Work to be completed - Leave the pictures out, and transcribe the material below exactly from the line with "Este vestido largo" to the line with "Massage cầm tay", both lines included.

Data -
# # #

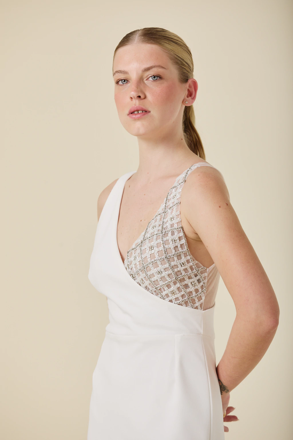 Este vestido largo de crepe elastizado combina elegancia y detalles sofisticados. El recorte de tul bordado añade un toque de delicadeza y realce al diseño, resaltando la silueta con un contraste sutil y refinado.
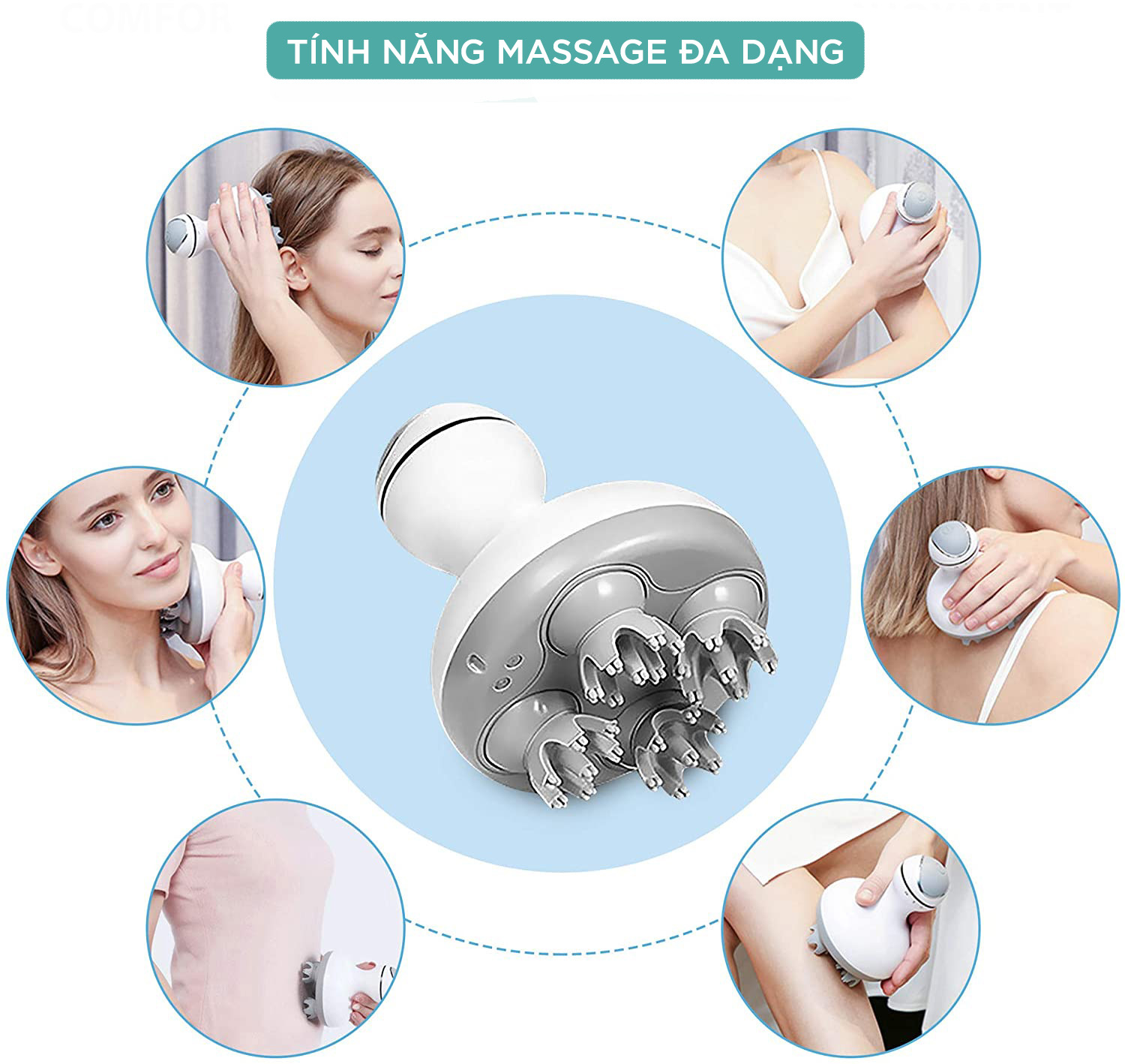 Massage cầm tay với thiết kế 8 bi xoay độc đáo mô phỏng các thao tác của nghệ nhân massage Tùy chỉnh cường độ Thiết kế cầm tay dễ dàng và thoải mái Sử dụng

# # #

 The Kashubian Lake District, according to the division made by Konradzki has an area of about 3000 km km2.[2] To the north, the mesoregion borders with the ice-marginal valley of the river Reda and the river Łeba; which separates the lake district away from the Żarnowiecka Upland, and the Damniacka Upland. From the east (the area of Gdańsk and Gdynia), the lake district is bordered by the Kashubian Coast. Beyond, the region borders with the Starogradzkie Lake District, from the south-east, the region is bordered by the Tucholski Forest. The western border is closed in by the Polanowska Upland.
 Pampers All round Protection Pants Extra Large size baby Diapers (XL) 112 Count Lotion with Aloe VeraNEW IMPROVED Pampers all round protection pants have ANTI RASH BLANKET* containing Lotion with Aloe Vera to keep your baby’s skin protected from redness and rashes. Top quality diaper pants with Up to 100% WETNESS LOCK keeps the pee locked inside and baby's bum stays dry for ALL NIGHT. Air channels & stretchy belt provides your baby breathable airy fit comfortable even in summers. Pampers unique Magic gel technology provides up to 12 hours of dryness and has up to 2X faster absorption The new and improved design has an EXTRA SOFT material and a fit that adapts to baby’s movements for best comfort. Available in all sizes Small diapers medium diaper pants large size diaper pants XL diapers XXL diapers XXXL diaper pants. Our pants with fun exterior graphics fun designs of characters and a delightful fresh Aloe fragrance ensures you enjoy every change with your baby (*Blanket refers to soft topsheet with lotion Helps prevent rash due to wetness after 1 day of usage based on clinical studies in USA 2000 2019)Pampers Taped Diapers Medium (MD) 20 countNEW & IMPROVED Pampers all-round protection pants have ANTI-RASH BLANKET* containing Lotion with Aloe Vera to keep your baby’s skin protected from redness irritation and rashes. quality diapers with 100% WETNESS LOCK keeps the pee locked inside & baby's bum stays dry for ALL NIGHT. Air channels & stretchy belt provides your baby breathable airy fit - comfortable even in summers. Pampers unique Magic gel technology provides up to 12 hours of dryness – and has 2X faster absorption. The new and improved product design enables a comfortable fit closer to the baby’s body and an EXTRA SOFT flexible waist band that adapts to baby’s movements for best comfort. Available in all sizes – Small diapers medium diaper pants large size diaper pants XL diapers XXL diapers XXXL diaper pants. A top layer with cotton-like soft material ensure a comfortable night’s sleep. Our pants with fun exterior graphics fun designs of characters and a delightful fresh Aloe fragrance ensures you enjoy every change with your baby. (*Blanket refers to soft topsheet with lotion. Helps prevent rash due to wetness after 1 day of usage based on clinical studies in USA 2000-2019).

# # #

Answer to the problem -
 Este vestido largo de crepe elastizado combina elegancia y detalles sofisticados. El recorte de tul bordado añade un toque de delicadeza y realce al diseño, resaltando la silueta con un contraste sutil y refinado.
 Massage cầm tay với thiết kế 8 bi xoay độc đáo mô phỏng các thao tác của nghệ nhân massage Tùy chỉnh cường độ Thiết kế cầm tay dễ dàng và thoải mái Sử dụng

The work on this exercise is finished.